-- YOUR OBJECTIVE --
An exact copy of the lines from the start of the material below through the line containing "Navigate to System>Security" is the required answer, and it includes no pictures.

-- RECORDS SHOWN --
--------------------

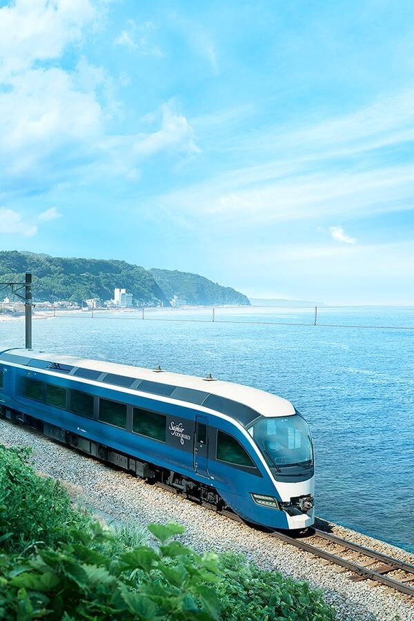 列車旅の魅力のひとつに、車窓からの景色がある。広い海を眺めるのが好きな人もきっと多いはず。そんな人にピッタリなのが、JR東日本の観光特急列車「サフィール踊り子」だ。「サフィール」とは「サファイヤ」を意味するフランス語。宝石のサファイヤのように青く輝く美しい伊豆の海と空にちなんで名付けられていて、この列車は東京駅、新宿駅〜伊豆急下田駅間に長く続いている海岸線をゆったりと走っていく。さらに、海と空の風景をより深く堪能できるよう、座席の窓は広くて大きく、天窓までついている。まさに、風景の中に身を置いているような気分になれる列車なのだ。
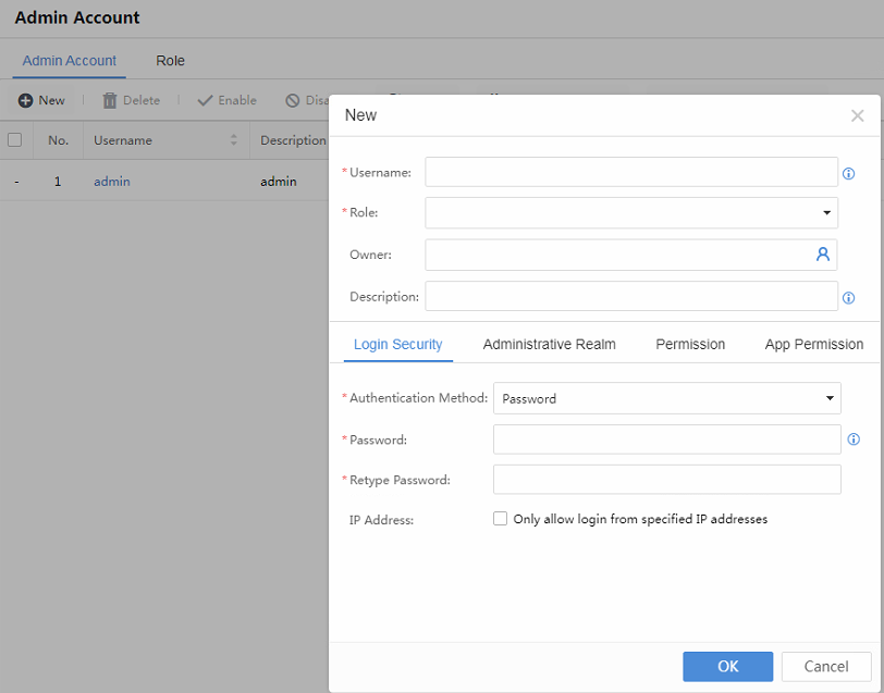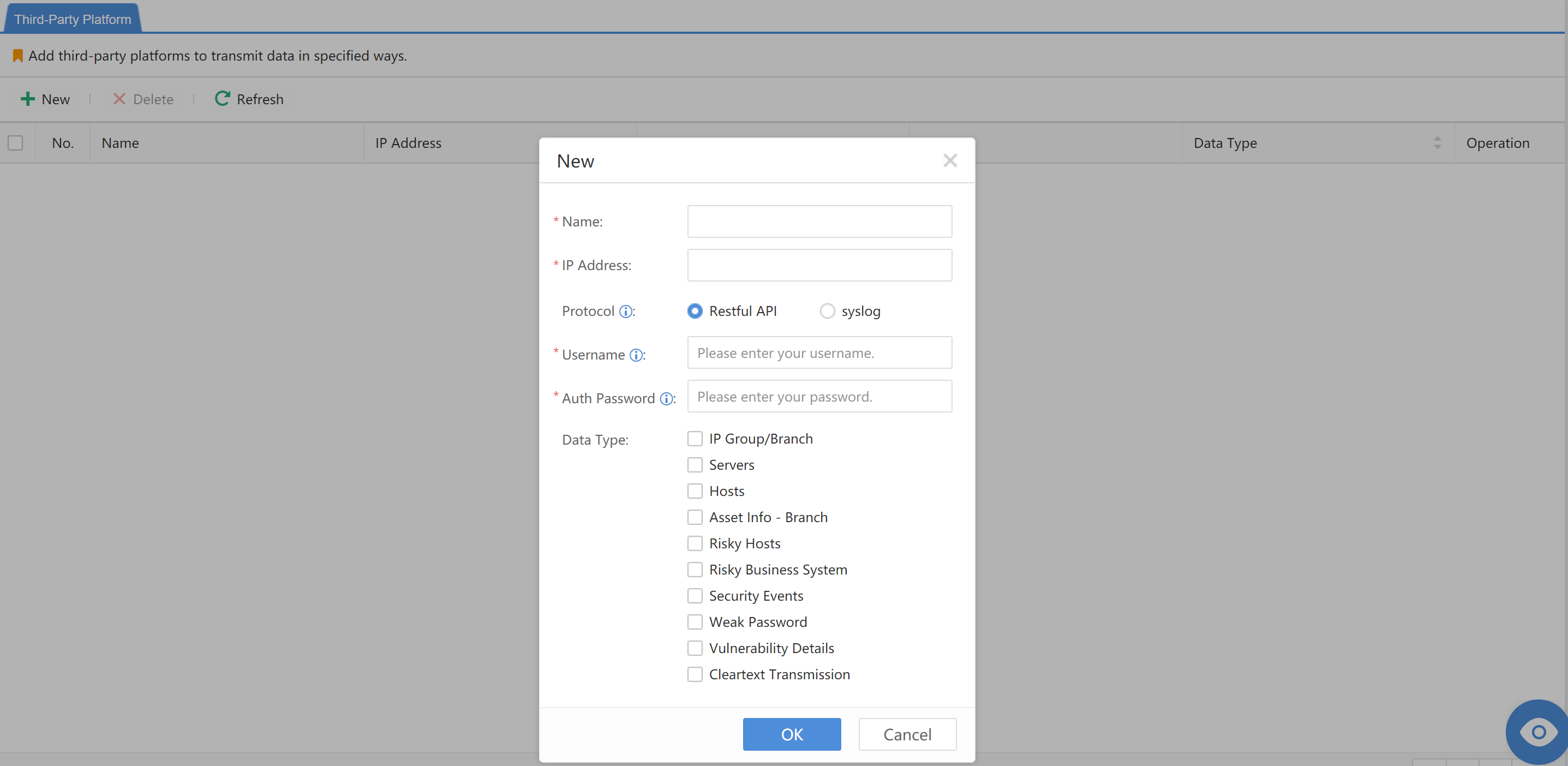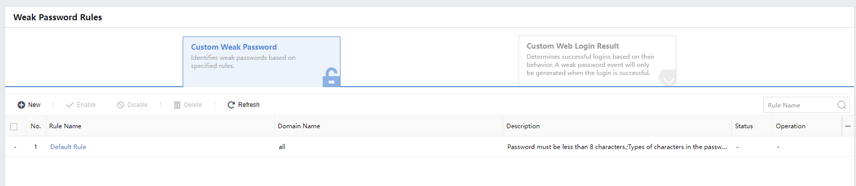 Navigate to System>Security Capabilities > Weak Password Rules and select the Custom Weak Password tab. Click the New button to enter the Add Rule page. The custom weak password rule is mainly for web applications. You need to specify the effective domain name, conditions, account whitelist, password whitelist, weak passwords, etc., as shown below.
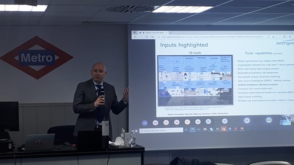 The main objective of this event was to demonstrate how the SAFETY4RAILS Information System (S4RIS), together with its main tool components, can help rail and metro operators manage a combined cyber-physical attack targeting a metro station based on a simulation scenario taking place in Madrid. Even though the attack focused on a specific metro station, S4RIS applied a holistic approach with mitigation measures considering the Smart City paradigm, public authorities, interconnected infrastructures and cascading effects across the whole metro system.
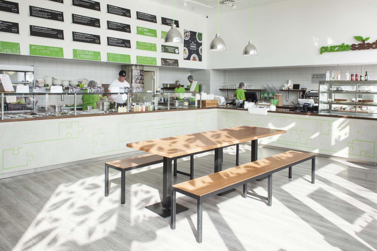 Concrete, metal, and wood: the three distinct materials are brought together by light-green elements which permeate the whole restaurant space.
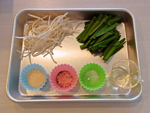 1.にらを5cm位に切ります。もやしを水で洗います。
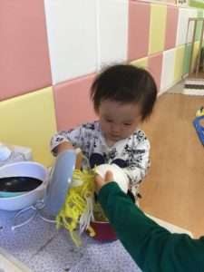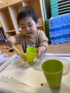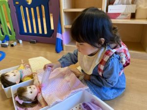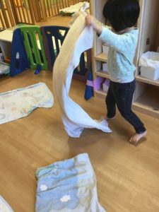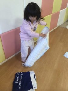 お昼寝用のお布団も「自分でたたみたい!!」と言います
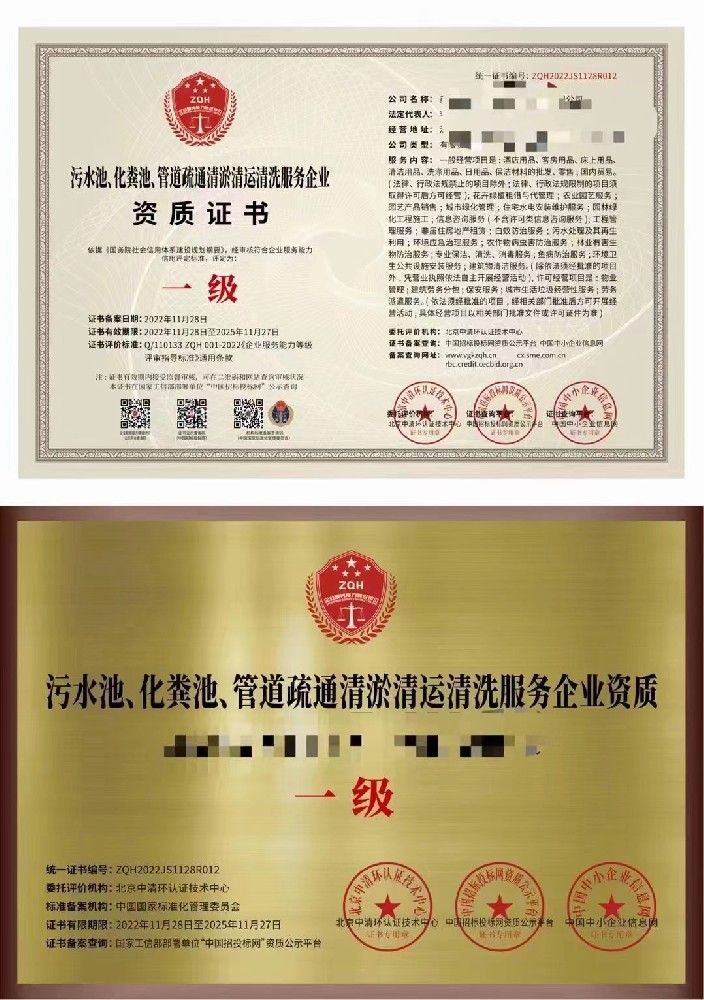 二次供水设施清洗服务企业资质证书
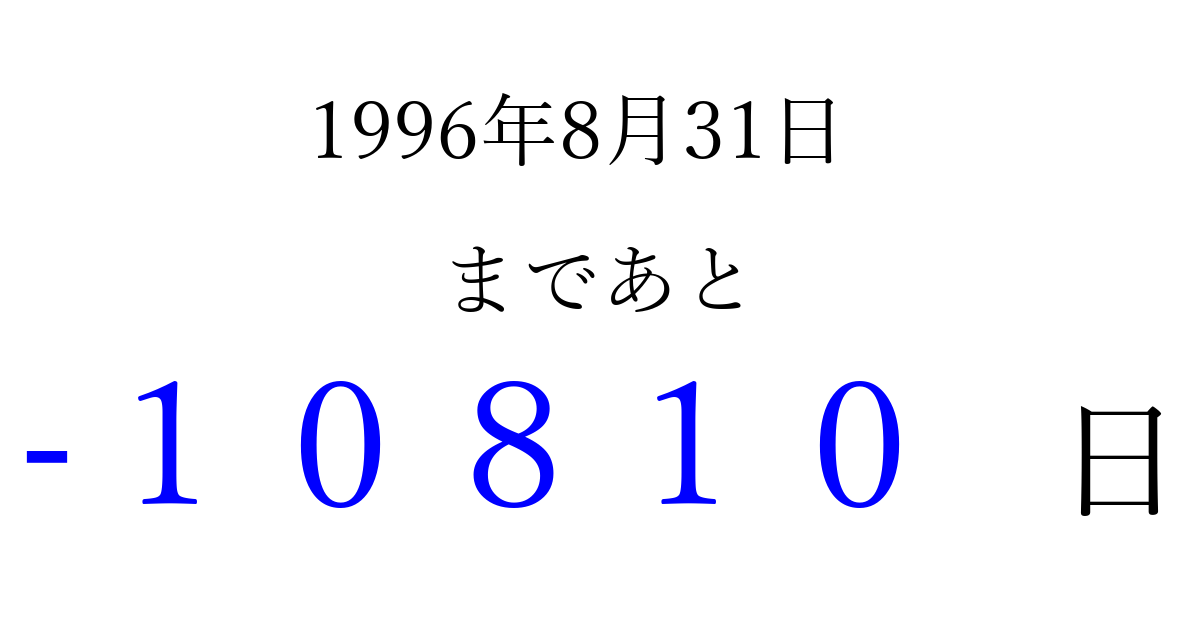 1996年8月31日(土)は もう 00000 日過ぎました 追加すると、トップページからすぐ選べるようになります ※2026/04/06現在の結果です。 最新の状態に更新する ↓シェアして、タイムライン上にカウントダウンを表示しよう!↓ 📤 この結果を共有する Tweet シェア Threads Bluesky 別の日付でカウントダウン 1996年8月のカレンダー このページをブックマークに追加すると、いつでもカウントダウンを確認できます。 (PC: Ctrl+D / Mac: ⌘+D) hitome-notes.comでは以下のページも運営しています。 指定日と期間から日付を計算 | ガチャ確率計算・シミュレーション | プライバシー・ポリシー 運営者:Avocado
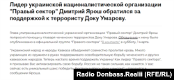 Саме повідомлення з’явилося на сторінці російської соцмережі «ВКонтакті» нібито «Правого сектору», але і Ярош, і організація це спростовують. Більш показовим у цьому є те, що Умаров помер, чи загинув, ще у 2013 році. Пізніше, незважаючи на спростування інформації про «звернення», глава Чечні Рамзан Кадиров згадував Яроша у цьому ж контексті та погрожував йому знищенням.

--------------------

-- COMPLETED EXERCISE --
 列車旅の魅力のひとつに、車窓からの景色がある。広い海を眺めるのが好きな人もきっと多いはず。そんな人にピッタリなのが、JR東日本の観光特急列車「サフィール踊り子」だ。「サフィール」とは「サファイヤ」を意味するフランス語。宝石のサファイヤのように青く輝く美しい伊豆の海と空にちなんで名付けられていて、この列車は東京駅、新宿駅〜伊豆急下田駅間に長く続いている海岸線をゆったりと走っていく。さらに、海と空の風景をより深く堪能できるよう、座席の窓は広くて大きく、天窓までついている。まさに、風景の中に身を置いているような気分になれる列車なのだ。
 Navigate to System>Security Capabilities > Weak Password Rules and select the Custom Weak Password tab. Click the New button to enter the Add Rule page. The custom weak password rule is mainly for web applications. You need to specify the effective domain name, conditions, account whitelist, password whitelist, weak passwords, etc., as shown below.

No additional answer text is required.